Mark made up the chart, and the "rules" at the top.
It's like this: I am supposed to begin doing something to bring my weight back to the middle whenever any of the conditions described in the rules are met. I cannot return to normal behavior until the running average of five measurements in a row crosses the midline again.
This is great, except that I have not gotten around to defining "normal behavior," nor the positive and negative types of "doing something." Right now "normal behavior" is "more or less eat what I want" and "doing something" is "eat less than I want." (I have only slipped into the land of underweight-must-eat-more once.)
Yes, that was the plan. Watch the weight wiggle back and forth between the control limits, and if it creeps up too far, add "habits" until it creeps back down again.
After many months of frustrated struggling at an average weight a few pounds higher than my target, I am now officially renouncing this strategy.
It looks too much like "going on a diet" and "going off a diet" and "going on a diet again." It messes with my head.
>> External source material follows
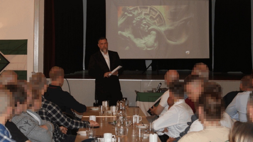Deretter talte lederen for Den nordiske motstandsbevegelsen, Fredrik Vejdeland. Han gav en historisk gjennomgang av idéen om en nordisk stat og viste hvordan denne tanken gjentatte ganger har gjort seg gjeldende i historien.

On the surface it seemed like a good idea: toggle habits on and off, to turn the balance one way or another, and keep the weight under control just exactly as if I were a manufacturing process. But I, unlike a collection of heat exchangers and reactors, have a psychology, and you know what? It kind of sucks to tell myself, "Well, I won't have any wine, or desserts, until I get five weight readings in a row below such-and-such a weight." It makes me feel deprived and dejected, and do you know what? Once I got the five weight readings in a row, and toggled my "habits" back to "maintenance level," the weight did not stay down. I was not aware of it, but I must have been overreacting in the other direction: indulging to pay myself back for the deprivation.
This is not the way I want to do things.
And anyway, the terminology should have been a clue. Hello -- "toggle" habits on and off? If you do that with a behavior, it isn't a habit! I don't want to be in an endless cycle of deprivation and indulgence. That's what I tried to give up.
I want sustainable living at a sustainable weight.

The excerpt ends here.